Review: Focus

January 9th, 2012

Lovett Weems is singularly placed to comment on the challenges facing The UMC. As Distinguished Professor of Church Leadership and Director of the Lewis Center for Church Leadership at Wesley Theological Seminary in Washington, D.C., pastor and former seminary president, he has been a participant, a leader, and a teacher of those offering leadership in The UMC for decades. He is, by his own admission, “a product of the church,” whose experience in the church as a youth opened him to wider horizons and new opportunities for vocation. He is both a participant in and an observer of the highs and lows of the church he loves and serves, a true participant observer. As a result, his analysis, observations, and recommendations in Focus: The Real Challenges that Face The United Methodist Church (Abingdon, 2012) are to be commended to the church as another General Conference approaches, with rather monumental recommendations before it for restructuring, reorganizing and revitalizing the denomination.

As Weems notes at the outset, the book contains much for everyone to both like and dislike. But like the irritant that produces the pearl, Weems’ book may irritate the church into more careful thinking about the choices and opportunities that await it. Weems’ primary contention is that The UMC will move forward to the extent that aligns itself in closer alignment both to God and to the people in our midst. Having begun to experience decline starting as far back as 1965, Weems contents that The UMC fell victim to its own success. Quoting Charles Handy, he observes: “The things and ways which got you there are seldom those things that will keep you there.” Living off past success takes its toll. Instead, Weems asserts, things go well when there is congruence among mission, context and structure. But as with many other large, complex institutions, the practices that made an organization strong can become the very practices that keep it from responding adequately or quickly enough to new contexts and new challenges.

Somewhat ironically, he restates the old John Wesley interrogative, no less pointed now than then: are the things you are doing bearing fruit?
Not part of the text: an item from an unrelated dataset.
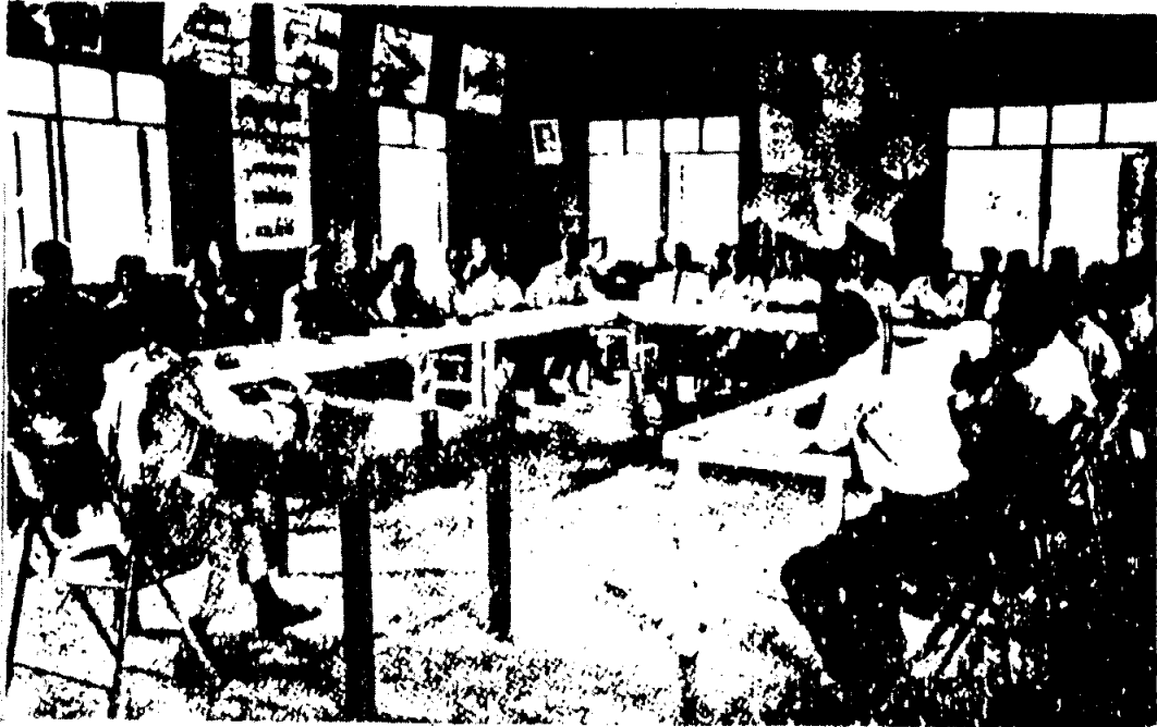
ประชุมกรรมการสภาตำบล วางแผนการพัฒนาอาชีพ ในเขตพัฒนาระดับตำบล, หมู่บ้าน Village and Tombon-level occupational development planning by the Tombon Council Committee.

Weems calls for a clear-eyed look at changing contexts, appropriate responses, and for a fundamental resetting of the financial baseline. Looking to fewer people to provide more money for ministry is a recipe for disaster, as he documents. His statistics and graphs portraying what he calls “the death tsunami” that lies ahead are sobering. Instead, the focus should remain on the basics—in Weems’ words that means changed lives and transformed communities.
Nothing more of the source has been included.